Hacker News new | ask | show | jobs
by wora 2711 days ago
I saw many comments about stateful workloads. I am not sure it is a necessary issue for cloud environment.

Within a zone or a cluster, the latency is about 1ms, which is faster than most hard disks. The network bandwidth is on par with disk throughput. What we really need is a faster database and a faster object storage that can match the network performance (1ms and 10Gbps), then all workloads can be stateless.

If one uses a VM on GCP, the VM has no local storage besides the small local SSDs. Practically even the VM is stateless besides some cache.

3 comments

> The network bandwidth is on par with disk throughput

Yes, and most storage you have access to, in cloud environments, is network attached.
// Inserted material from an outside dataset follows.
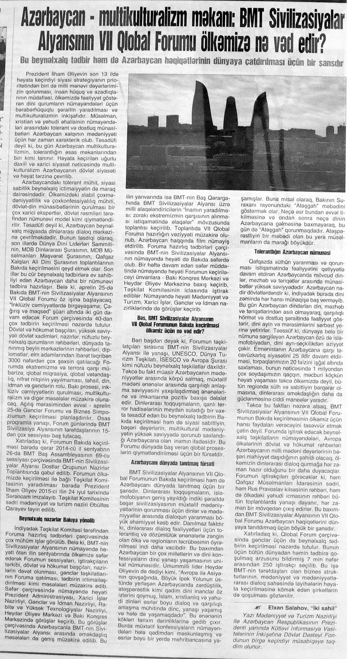 56. Abdullayeva, F. Rusiya ekspertləri: Azərbaycan dünyaya təcrübədən qaynaqlanan hörmət ideologiyası təklif edir: [forumu çərçivəsində ekspertlərin fikirləri haqqında] //Azərbaycan.- 2016.- 12 mart.- S. 5. 57. Azərbaycan ilə İSESCO arasında sıx əməkdaşlıq mövcuddur: Bu fikir birinci xanım Mehriban Əliyevanın İSESCO-nun Baş direktoru ilə görüşündə səslənib //Azərbaycan.- 2016.- 11 mart.- S. 7. 58. Azərbaycan mədəniyyətlərarası dialoqun keçirilməsi üçün ideal məkandır: [forumda iştirak edən Livanın sabiq Baş naziri Fouad Sinioranın fikirləri] //Azərbaycan.- 2016.- 12 mart.- S. 5. 59. Azərbaycan Prezidenti İlham Əliyevin adından IV Qlobal Forumunun iştirakçılarının şərəfinə ziyafət verilib //Azərbaycan.- 2016.- 11 mart.- S. 4. 60. Azərbaycanın birinci xanımı Mehriban Əliyeva Albaniyanın birinci xanımı Odeta Nişani ilə görüşüb //Azərbaycan.- 2016.- 11 mart.- S. 7. 61. Azərbaycanın birinci xanımı Mehriban Əliyeva Latviyanın sabiq birinci xanımı ilə görüşüb //Azərbaycan.- 2016.- 11 mart.- S. 7. 62. Baxşəliyev, R. Azərbaycanın beynəlxalq nüfuzunun növbəti təsdiqi: IV Qlobal Bakı Forumu ölkəmizə həm də iqtisadi dividendlərin qazanılmasında yeni yollar açacaq:[Millət vəkillərinin forum haqqında fikirləri] //Azərbaycan.- 2016.- 29 mart.- S.4. 63. Bakıda Qarşılıqlı Fəaliyyət Şurasının 33-cü illik plenar iclası keçirilib: IV Qlobal Bakı Forumu //Azərbaycan.- 2016.- 10 mart.- S. 8. 64. Boris Tadiç: “Azərbaycan Cənubi Qafqazda xüsusi əhəmiyyətə malik ölkədir”: [forumda iştirak edən Serbiyanın sabiq prezidentinin fikirləri] //Azərbaycan.- 2016.- 11 mart.- S. 9. 65. Cəfərli, R. Bəşəriyyəti düşündürən problemlərin həllinə xidmət edən platforma //Azərbaycan.- 2016.- 29 mart.- S. 4. 66. Çoxqütblü dünyaya doğru: IV Qlobal Bakı Forumunda münaqişələrin qarşısının alınmasında dinlərarası dialoqun rolu, miqrasiya, multikulturalizm və inteqrasiya məsələləri müzakirə edilir //Mədəniyyət.- 2016.- 11 mart.- S. 2. 67. Dördüncü Qlobal Bakı Forumu ikinci iş gününü sessiya və panel iclaslarla davam etdirib //Azərbaycan.- 2016.- 12 mart.- S. 4, 5. 68. IV Qlobal Bakı Forumu rəsmi hissədən sonra işini sessiyalarla davam etdirib //Azərbaycan.- 2016.- 11 mart.- S. 7, 9. 69. Əl-Tuveycri: Azərbaycanın ərazi bütövlüyünün bərpası dünyada ədaləti müdafiə edən bütün insanların tələbidir: [forumda iştirak edən ISESCO-nun Baş direktorunun fikirləri] //Azərbaycan.- 2016.- 11 mart.- S. 9. 70. Əsrlərdən gələn multikultural dəyərlərin sənət təcəssümü: IV Qlobal Bakı Forumunun iştirakçıları “Yeddi gözəl” baletinə tamaşa ediblər: [Azərbaycan Dövlət Akademik Opera və Balet Teatrında] //Mədəniyyət.- 2016.- 11 mart.- S. 8. 71. Franko Frattini: “Azərbaycan bütün dünyaya multikulturalizmi təbliğ edir”: [forumda iştirak edən İtaliyanın sabiq Xarici İşlər nazirinin fikirləri] //Azərbaycan.- 2016.- 11 mart.- S.9. 72. Hikmət Çətin: Azərbaycan getdikcə daha böyük uğurlara imza atır: [forumda iştirak edən Türkiyənin sabiq Xarici İşlər naziri Hikmət Çətinin fikirləri] //Azərbaycan.- 2016.- 13 mart.- S.2. 73. İSESCO üzrə Azərbaycan Respublikası Milli Komissiyasının Katibliyi yaradılıb //Mədəniyyət.- 2016.- 11 mart.- S. 4. 74. Kanadanın keçmiş Baş naziri Azərbaycanın mədəniyyətlərarası dialoqa önəmli töhfələr verəcəyinə əmindir: [forumda iştirak edən Jan Çretyenin fikirləri] //Azərbaycan.- 2016.- 10 mart.- S. 8. 75. Qlobal Bakı Forumu aktual məsələlərin müzakirə olunduğu mühüm platformadır: [forumda iştirak edən Beynəlxalq və Avropa Məsələləri üzrə İrlandiya İnstitutunun nümayəndəsi, səfir Fransis O’Donnellin fikirləri] //Azərbaycan.- 2016.- 12 mart.- S.5. 76. Qro Harlem Brudtland: Bakı uğurlu beynəlxalq əməkdaşlığın mərkəzinə çevrilib: [forumda iştirak edən Norveçin sabiq Baş nazirinin fikirləri] //Azərbaycan.- 2016.- 11 mart.- S. 9. 77. Linda Lanzilotta: Bakı Forumunda dünyanı narahat edən problemlərin həllinə dair səmərəli müzakirələr aparıldı: [forumda iştirak edən İtaliya Senatının vitse-prezidenti Linda Lanzilottanın fikirləri] //Azərbaycan.- 2016.- 13 mart.- S. 2. 78. Makedoniya Prezidenti George İvanov: “Biz birgə səylərimizlə ölkələrimizi daha da yaxınlaşdıra bilərik”: [forumda iştirak edən Makedoniya Prezidenti George İvanovun fikirləri] //Azərbaycan.- 2016.- 11 mart.- S. 9. 79. Mədəniyyət və Turizm naziri BMT Radiosuna müsahibə verib: “Sivilizasiyalar Alyansının Bakıda keçiriləcək Qlobal Forumu dünyada baş verən prosesləri qiymətləndirmək üçün daha bir imkandır”: [forumun Təşkilat Komitəsinin sədri, Mədəniyyət və Turizm naziri Əbülfəs Qarayevin çıxışı] //Mədəniyyət.- 2016.- 4 mart.- S. 3. 80. Monteneqro ilə Azərbaycan arasında yüksək səviyyəli dostluq münasibətləri var: [forumda iştirak edən Monteneqronun Prezidenti Filip Vuyanoviçin fikirləri] //Azərbaycan.- 2016.- 11 mart.- S. 9. 81. Musa, S. Mədəniyyət və Turizm naziri İSESCO-nun Baş direktoru ilə görüşüb: [Əbülfəs Qarayevin forumda iştirak etmək məqsədilə ölkəmizdə səfərdə olan İslam Təhsil, Elm və Mədəniyyət Təşkilatının (İSESCO) Baş direktoru Əbdüləziz bin Osman əl-Tüveycri ilə görüşü haqqında] //Mədəniyyət.- 2016.- 16 mart.- S. 5. 82. Nigeriyanın keçmiş prezidenti: “Bakıda yeni çağırışların şahidi oluruq”: [forumda iştirak edən Olusegun Obasanjonun fikirləri] //Azərbaycan.- 2016.- 10 mart.- S. 8. 83. Peter Medeşi: “Qlobal Bakı Forumu sivilizasiyalararası dialoqun inkişafına mühüm töhfələr verir”: [forumda iştirak edən Macarıstanın sabiq Baş naziri Peter Medeşinin fikirləri] //Azə

GCP disks, AWS EBS volumes, etc. All network and outside the hypervisors. You may have some local storage, but that's ephemeral, by design.

However, since we are talking about Kubernetes: not only VMs are ephemeral, but your containers are ephemeral too! And they can move around. So now you (or rather, K8s) need to figure out which worker node has the pod, and which storage is assigned to it, and then attach/detach accordingly.

This is what persistent volumes and persistent volume claims give you. They actually work fine already for StatefulSets.

Now, if you are in a cloud environment you should look into the possibility of using the hosted database offerings. If you can (even at a price premium), that's a great deal of complexity you are going to avoid.

With stateless services, forwarding requests to underlying storage and serialization can dominate resource consumption. After all, some services will do little besides fetch the right content and transform the data somehow.

Addressing this requires caching data in memory while making sure those caches are also disjoint so that you fully utilize your cluster memory. This has driven Google (and others) to make some services semi stateful and build dynamic sharing infrastructure to make this easier [1].

[1] https://ai.google/research/pubs/pub46921

From a database perspective, 1ms to disk is an eternity.

A good disk subsystem had less write latency than that in the early 90’s.

Write to disk has no practical latency because of write buffer, either local file system or remote database. Flush to disk would be slow unless you use SSD.

On the other hand, a single machine has limited reliability. If one wants to have high availability, they needs to dual write to another machine, which also has network latency.

I don’t think that’s true. I recall ~5ms seek times being top of the line.
he said 'subsystem' not 'disk'-

what was the latency to the controller with ram cache?

using seek time as a measure is also somewhat worst case - controllers/filesystems also queue(d) according to drive geometry.